■ YOUR TASK ■
Write out only the opening lines of the entries, through the line with "2025年11月6日,驻非盟".

+++ STUDY MATERIAL

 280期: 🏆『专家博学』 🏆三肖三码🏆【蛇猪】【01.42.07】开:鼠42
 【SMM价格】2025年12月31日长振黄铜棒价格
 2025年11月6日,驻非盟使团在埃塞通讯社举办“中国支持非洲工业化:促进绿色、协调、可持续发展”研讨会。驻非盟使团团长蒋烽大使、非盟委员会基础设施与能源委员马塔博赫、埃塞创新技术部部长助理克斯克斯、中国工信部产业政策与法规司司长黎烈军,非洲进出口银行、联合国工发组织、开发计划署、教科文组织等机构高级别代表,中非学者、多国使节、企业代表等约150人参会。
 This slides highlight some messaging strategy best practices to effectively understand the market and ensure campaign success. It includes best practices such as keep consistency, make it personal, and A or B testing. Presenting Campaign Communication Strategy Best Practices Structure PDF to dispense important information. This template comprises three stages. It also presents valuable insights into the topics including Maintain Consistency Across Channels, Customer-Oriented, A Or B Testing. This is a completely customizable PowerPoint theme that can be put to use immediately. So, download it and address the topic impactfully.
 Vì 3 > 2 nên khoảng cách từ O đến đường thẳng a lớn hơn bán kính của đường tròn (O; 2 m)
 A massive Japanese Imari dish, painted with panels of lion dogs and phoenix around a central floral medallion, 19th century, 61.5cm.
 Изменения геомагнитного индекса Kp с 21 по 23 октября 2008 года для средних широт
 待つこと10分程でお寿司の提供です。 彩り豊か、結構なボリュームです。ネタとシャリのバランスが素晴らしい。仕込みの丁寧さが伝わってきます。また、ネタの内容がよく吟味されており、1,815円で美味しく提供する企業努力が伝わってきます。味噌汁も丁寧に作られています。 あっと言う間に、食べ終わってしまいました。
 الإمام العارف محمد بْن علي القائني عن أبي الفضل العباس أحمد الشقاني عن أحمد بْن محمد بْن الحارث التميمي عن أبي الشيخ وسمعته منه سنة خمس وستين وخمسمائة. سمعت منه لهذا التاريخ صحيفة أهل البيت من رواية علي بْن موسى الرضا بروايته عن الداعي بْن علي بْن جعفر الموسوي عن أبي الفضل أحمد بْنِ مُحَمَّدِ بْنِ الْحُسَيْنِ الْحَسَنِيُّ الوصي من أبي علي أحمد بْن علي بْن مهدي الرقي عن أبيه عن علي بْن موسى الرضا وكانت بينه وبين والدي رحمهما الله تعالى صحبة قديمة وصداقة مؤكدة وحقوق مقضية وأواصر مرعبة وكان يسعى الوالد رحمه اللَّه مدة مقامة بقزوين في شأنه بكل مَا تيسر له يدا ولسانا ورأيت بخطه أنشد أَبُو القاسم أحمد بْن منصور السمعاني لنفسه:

++++++

■ REPLY ■
 280期: 🏆『专家博学』 🏆三肖三码🏆【蛇猪】【01.42.07】开:鼠42
 【SMM价格】2025年12月31日长振黄铜棒价格
 2025年11月6日,驻非盟使团在埃塞通讯社举办“中国支持非洲工业化:促进绿色、协调、可持续发展”研讨会。驻非盟使团团长蒋烽大使、非盟委员会基础设施与能源委员马塔博赫、埃塞创新技术部部长助理克斯克斯、中国工信部产业政策与法规司司长黎烈军,非洲进出口银行、联合国工发组织、开发计划署、教科文组织等机构高级别代表,中非学者、多国使节、企业代表等约150人参会。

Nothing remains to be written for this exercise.